_Records excerpted from a collection:_
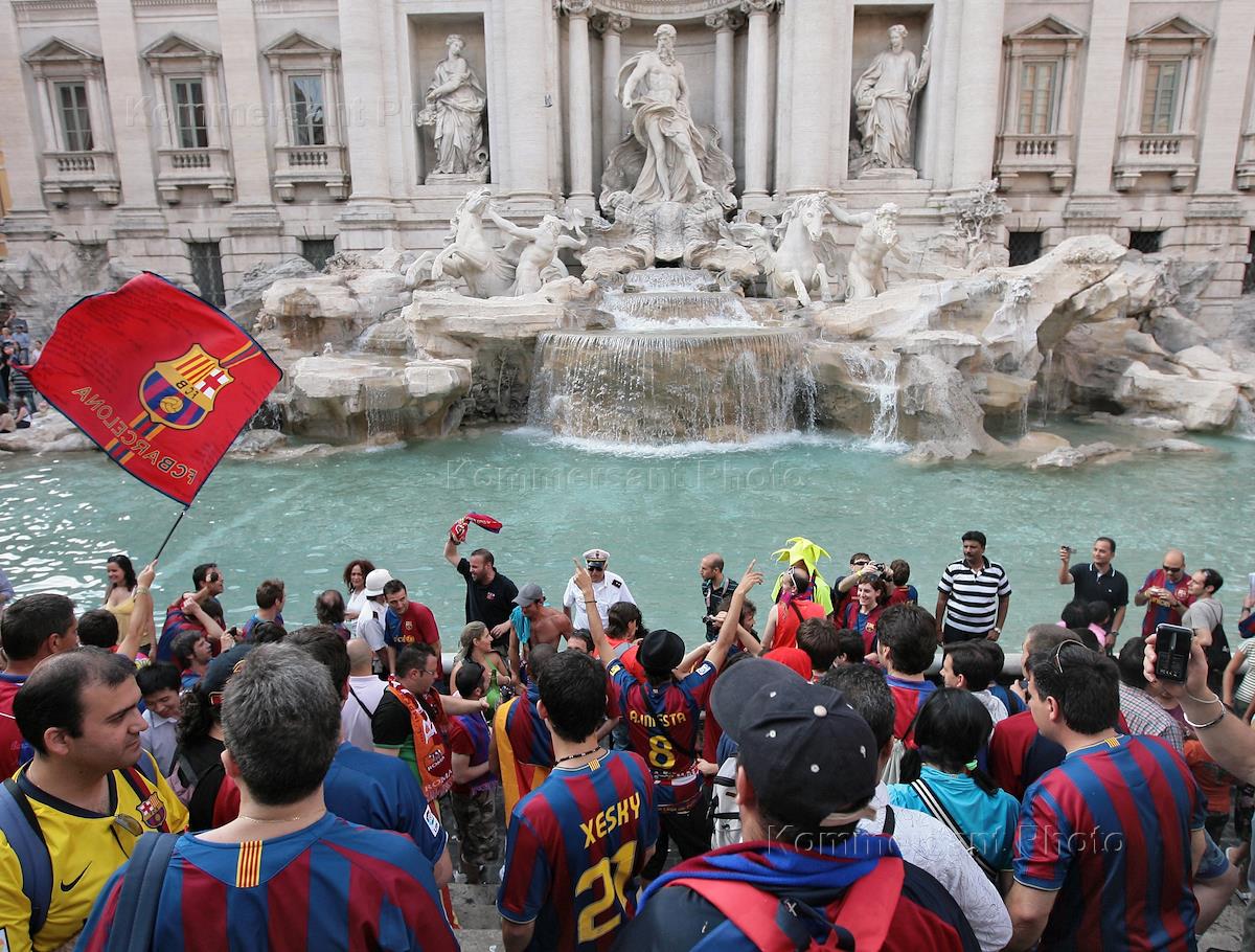 Финал Лиги чемпионов УЕФА между командами "Барселона" (Испания) и "Манчестер Юнайтед" (Англия). Счет встречи 2 : 0 в пользу "Барселоны". Болельщики команды "Барселона" у фонтана де Треви.
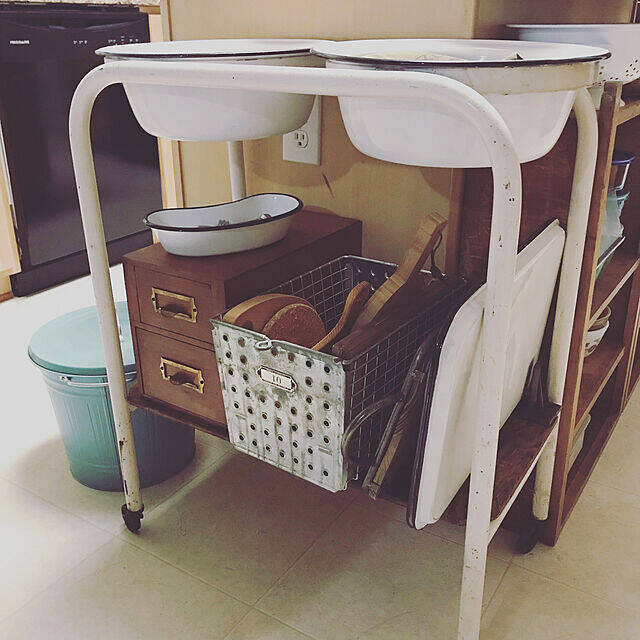megu_xxxさんはホーローのウォッシュスタンドに、エプロンや野菜を入れているそうです。ボウルの下の棚にも物が置けて、意外にも収納として優秀。キャスター付きでキッチンワゴンのようにも使えそうです。ボウルの縁取りもどこかレトロで愛らしいですね。
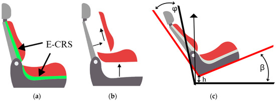 Scheme of the displacements required for the mechanism: (a) scheme on the position of the car seat mechanism for a child restraint system; (b) lifting of the seat and backrest; (c) seat rotation reaction to unexpected and expected situations.
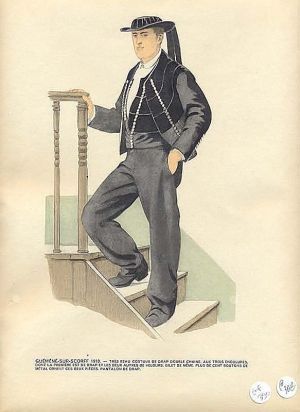 In 4 (23.5x31.5 cm) planche en couleurs rehaussée à la main, tirée de Le Costume Breton de 1900 à nos jours, costume de cachemire largement bordé de velours. Tablier de soie agrémenté de passementerie argent. Coiffe et sous-manches de lingerie brodée ; très bon état.
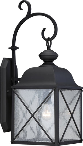 The 25"H Wingate 1-Light Outdoor Textured Black fixture by Nuvo Lighting is a perfect blend of elegance and functionality. Its design features a classic lantern shape with a modern twist, making it a versatile addition to any outdoor space. The fixture boasts a textured black finish that adds a touch of sophistication and timeless appeal. The clear seeded glass panels not only enhance the aesthetic appeal but also create a beautiful play of light and shadow, adding depth and character to your outdoor area.
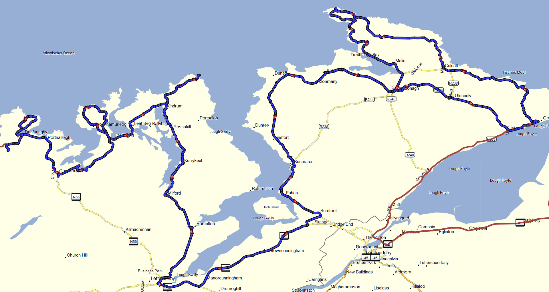 Bei Moville bogen wir von der Route ab, da wir im Hotel Ballyliffin Lodge (G-Maps) den Abend und die Nacht verbringen wollten. Schönes Hotel, lecker Essen und großes Zimmer.
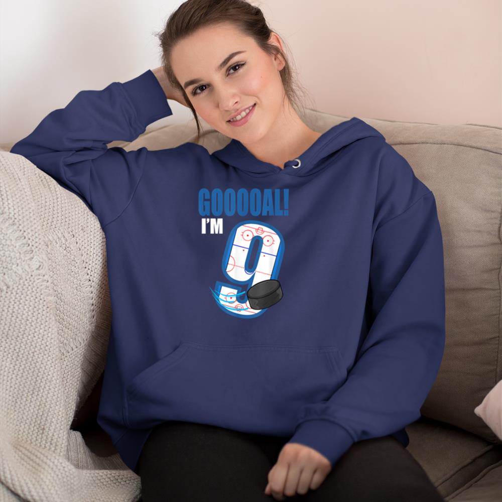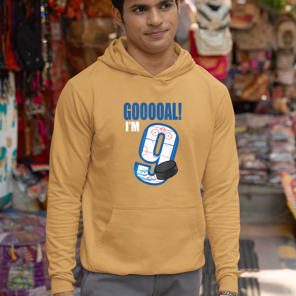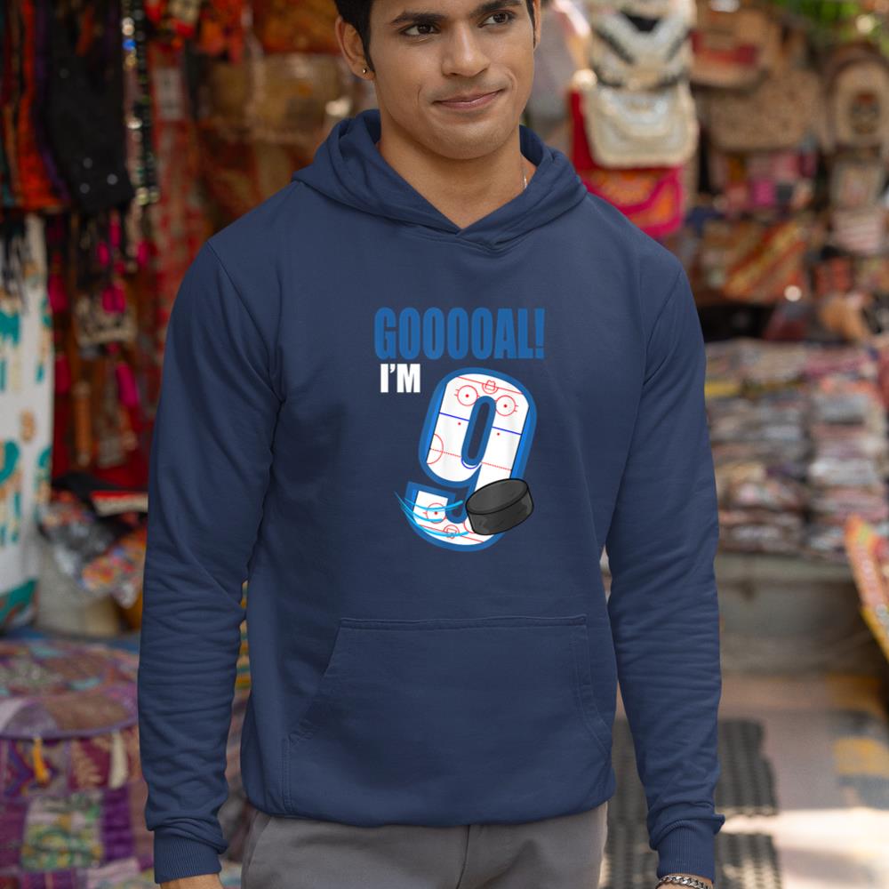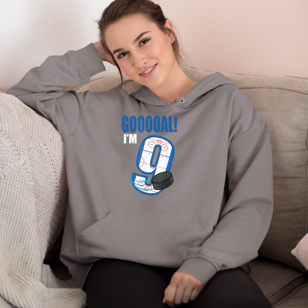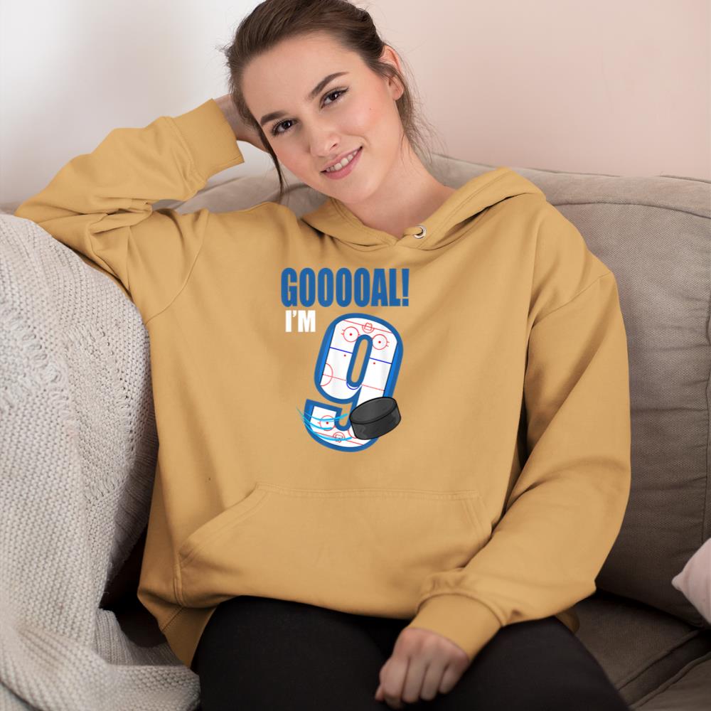 Hockey Player Goal Gooooal I’m 9 Ice Hockey Birthday Hoodie

_Instructions to follow:_ Pictures stay out. Print the lines of the records above exactly, from the first through the one with "In 4 (23.5x31.5".

_Response area:_
 Финал Лиги чемпионов УЕФА между командами "Барселона" (Испания) и "Манчестер Юнайтед" (Англия). Счет встречи 2 : 0 в пользу "Барселоны". Болельщики команды "Барселона" у фонтана де Треви.
megu_xxxさんはホーローのウォッシュスタンドに、エプロンや野菜を入れているそうです。ボウルの下の棚にも物が置けて、意外にも収納として優秀。キャスター付きでキッチンワゴンのようにも使えそうです。ボウルの縁取りもどこかレトロで愛らしいですね。
 Scheme of the displacements required for the mechanism: (a) scheme on the position of the car seat mechanism for a child restraint system; (b) lifting of the seat and backrest; (c) seat rotation reaction to unexpected and expected situations.
 In 4 (23.5x31.5 cm) planche en couleurs rehaussée à la main, tirée de Le Costume Breton de 1900 à nos jours, costume de cachemire largement bordé de velours. Tablier de soie agrémenté de passementerie argent. Coiffe et sous-manches de lingerie brodée ; très bon état.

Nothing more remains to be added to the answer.